Sunday, March 14, 2010

お水取り (Omizu-tori)

This past Saturday I ventured to Nara to see Omizu-tori, a special festival that has been celebrated at Todai-ji Temple for over 1200 years. You may recall from an earlier blog entry of mine that Todai-ji is the place that houses one of the biggest sitting buddha statues in the world. This festival is celebrated so that water drawn from a huge well can be purified using fire torches.
It takes over two hours to travel from my home in Kobe to Todai-ji in Nara, and to be on the safe side, I arrived a little early. It took about twenty minutes to walk from the train station to Todai-ji, but the temperature was above average, and the walk was pleasant. I entered the temple grounds forty-five minutes before the ceremony was to begin, and it was already packed!
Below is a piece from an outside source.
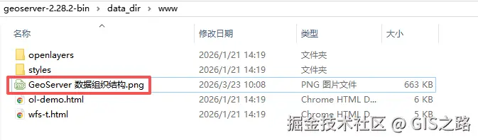 现在我们向www文件夹拷入一个图片文件GeoServer 数据组织结构.png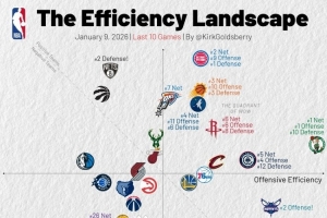 过去10场攻防效率:活塞盾坚绿军矛利 湖人攻防皆差 火箭攻守兼备

I was standing pretty far back from the temple itself, which was not anywhere near the sanctuary in which the buddha statue is situated. People kept arriving behind where I was standing, and soon the entire area was filled up. I'm sure there were people lining the pathway through the woods up to the temple area, but I doubt they were able to see any of the ceremony because of all the trees.
The ceremony consisted of men holding extremely long (maybe three meters?) poles with bundles of flaming sticks tied to the far ends. The poles were held up high in the air and waved around, all the while pieces of burning sticks and sparks were flying off the ends. The men would wave the poles on the left side of the temple, then run along the edge of the temple platform while twirling the poles and finally stop at the right end of the temple, wave the pole some more until all the sticks had burned and fallen off, and then the next man and pole would arrive. My host mom had warned me to not sit too close to the front lest I sit underneath the falling sparks, but there was no way that would have happened given the size of the crowd. The ceremony itself lasted for a mere twenty minutes, but I'm glad I was able to experience yet another Japanese tradition.